Is Anthropic overvalued? Are we in an AI bubble? Will investors get their desired returns? Let’s build it up by looking at the bull and the bear cases separately.
🐂 The bull case: Anthropic is undervalued
📈 What do valuation maths tell us?
Anthropic’s valuation looks aggressive at first glance: 183 billion dollars or 36 times its annualised recurring revenues (36x ARR). Nevertheless, the company’s growth trajectory is unprecedented, particularly for B2B businesses. Annualised recurring revenue (i.e. the last month’s recurring revenue multiplied by 12) has accelerated from 1 billion to 5 billion dollars in nine months, which is nearly 800% growth on an annual basis.
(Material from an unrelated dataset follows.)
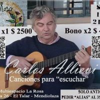 Canciones para escuchar con Carlos Allievi. El cantautor de nuestra localidad y director del Coral Mendiolaza, se presenta con canciones de raíz folclórica argentina y latinoamericana. Será en Portulaca 26, de B° El Talar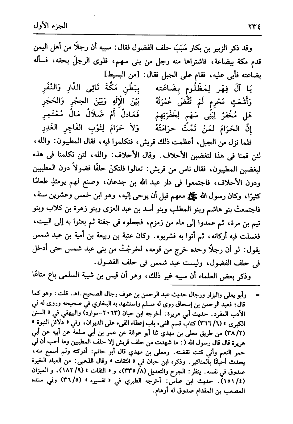 وَقد ذكر الزبير بن بكار سَبَب حلف الفضول فَقَالَ سَببه أَن رجلا من أهل الْيمن قدم مَكَّة ببضاعة فاشتراها مِنْهُ رجل من بني سهم فَلوى الرجل بِحقِّهِ فَسَأَلَهُ بضاعته فَأبى عَلَيْهِ فَقَامَ على الْجَبَل فَقَالَ // (من الْبَسِيط) //

The pace of scaling is only getting faster: it took about 21 months to add its first billion in ARR, then just three months for the next billion and only two months to move from 2 to 3 billion dollars.
By comparison, OpenAI took far longer to hit similar levels from founding and most enterprise software businesses never achieve this velocity at all. Against the backdrop of median software multiples at 5x forward revenues, Anthropic commands a premium.
Growth is very scarce in Tech public markets nowadays due to 1) high-growth companies staying private for a long time, and 2) the focus on profitability across the Tech sector post the 2022-23 market correction. As a result, we are back to a public market that assigns premium to growth. The few Tech companies that have more than 25% annual revenue growth have a median forward revenue multiple of 13x - more than double the revenue multiple of companies growing less than 25% annually.
Looking across the industry, the picture sharpens further. On a scatter of growth vs. valuation multiples, Anthropic sits alongside OpenAI in the “outlier” corner: extreme growth with extreme multiple. BigTech incumbents like Microsoft, Meta and Alphabet grow revenues at 10%–20% annually, with revenue multiples in the 7x–13x range. Nvidia, the AI hardware bellwether, trades at 24x revenues on 56% growth. Anthropic’s 300% growth rate and 36x multiple, in that context, doesn’t look stretched but rather aligned with its category-defining momentum. Snowflake and CoreWeave (both high-growth AI infrastructure peers) cluster in the high-teens multiples at 20%–200% growth, underscoring that public markets are already willing to pay richly for growth.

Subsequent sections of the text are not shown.